Même en France, un tribunal, le 16 mars 2022 à Paris a condamné Uber à de fortes amendes (375 000 euros) et peines de prison (dix mois) avec sursis pour travail dissimulé, illégal, fraude aux URSSAF, et les contrats des salariés ont été requalifiés, selon les juges, en contrat de travail ! Fini le paiement à la tâche, fini le labeur épuisant du jour et l’incertitude du lendemain. 86 ans après 1936, il est possible que les congés payés soient rendus à des dizaines de milliers de salariés.
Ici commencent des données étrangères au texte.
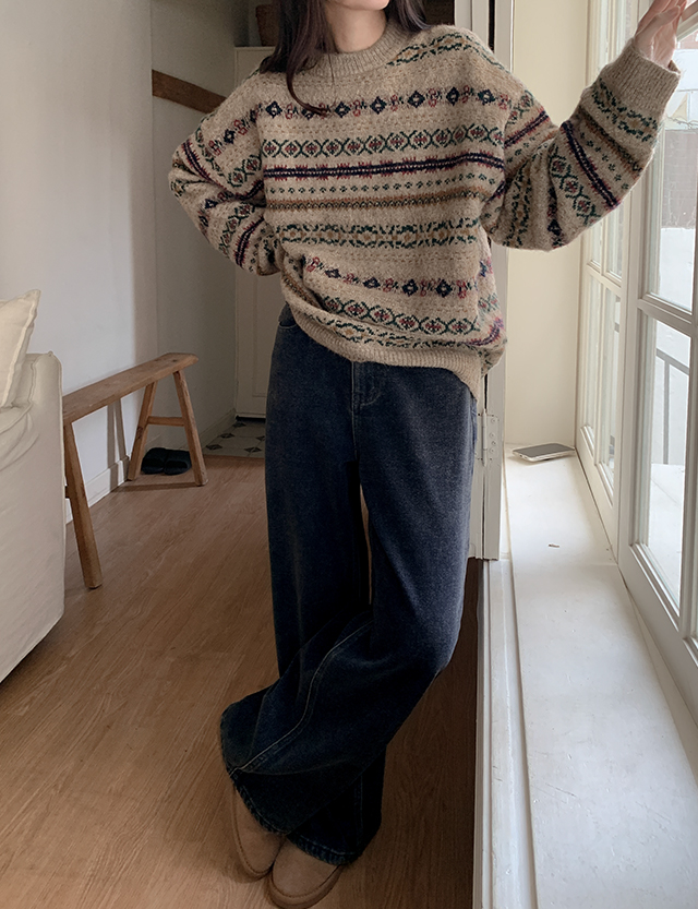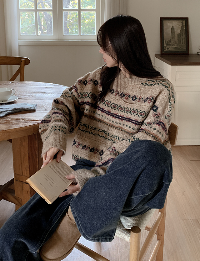 • 페어 花 아일 圆领 宽松 羊毛 针织衫 85288
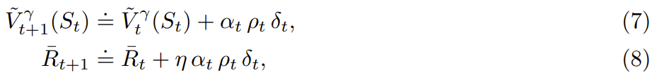 此外,他们还提出了基于价值的奖励聚中。这种方法的灵感来自强化学习的平均奖励公式。Wan et al. (2021) 表明,使用时间差分(TD)误差(而不是 (4) 中的传统误差)可以对表格离策略设置中的奖励率进行无偏估计。事实证明,平均奖励公式中的这个思路在折扣奖励公式中也非常有效。 该团队表明,如果行为策略采取目标策略所做的所有操作,那么可以使用 TD 误差很好地近似目标策略的平均奖励:
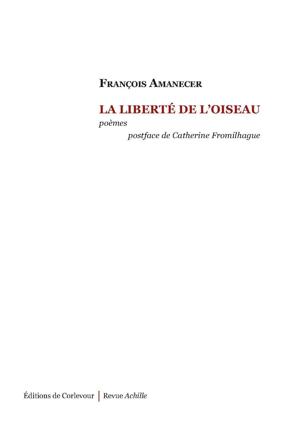 François Amanecer : Poète, essayiste. Il a publié dans les revues Po&sie, Grèges, NUNC, Nouveau Recueil, etc. – ainsi que des essais esthétiques dans les mêmes revues et dans Études, Positif, Kephas, Diogène, Communio. Ses ouvrages les plus récents sont Le Corbeau interrompu, Cri ténu du grèbe, Le tri poétique (essai), et Confrontations (essai), tous publiés aux Éditions de Corlevour.
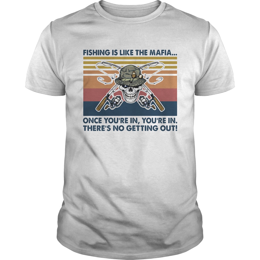 Skull fishing is like the mafia once youre in theres no getting out vintage retro shirt, hoodie, sweater, longsleeve and ladies t-shirt
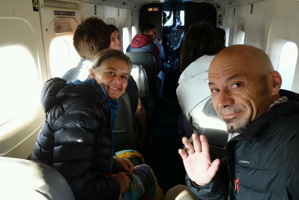 Nous travaillons beaucoup pendant le vol de 4 heures. Manu se charge comme toujours des photos et moi je prépare plusieurs articles pour Facebook que j’aurai juste à poster dès que nous aurons de la connexion.
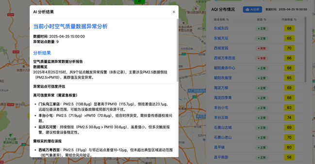 1.     精準溯源:結合歷史數據、氣象條件、周邊環境等多維度信息,智能分析異常成因,區分是本地污染、區域傳輸還是特定事件(如施工揚塵)影響。

La retraite aussi. 76 ans après la mise en place de la grande Sécurité sociale, il devient possible de la rendre à des milliers de livreurs et chauffeurs, avec un salaire net et brut.

Mais l’obstacle c’est Macron : les gouvernements Philippe, Castex, Borne ont refusé de donner suite à tous les jugements et de légiférer, ils se sont démenés pour faire comme s’il ne s’agissait que de jurisprudences égarées, et malgré tous les constats, rapports, procès-verbaux de l’inspection du travail, continuent de protéger le système Uber.

C’est donc bien, après les juges, après l’Europe, le combat contre LE protecteur n°1 d’Uber qu’il faut mener : Macron !

L’acharnement de Macron prouve la vigueur de son engagement idéologique auprès d’Uber, et confirme qu’il y a des liens profonds entre eux. Une rumeur explosive court dans les médias anglophones, étayée par des documents difficilement contestables : il a profité de sa position au ministère de l’Économie pour favoriser Uber (et McKinsey) qui ont ensuite travaillé gratuitement pour sa campagne. C’est une bombe. C’est là que la presse doit cesser de se taire et que le journalisme d’investigation a toute sa place. Il y a tous les éléments d’une trahison du droit et de corruption liés.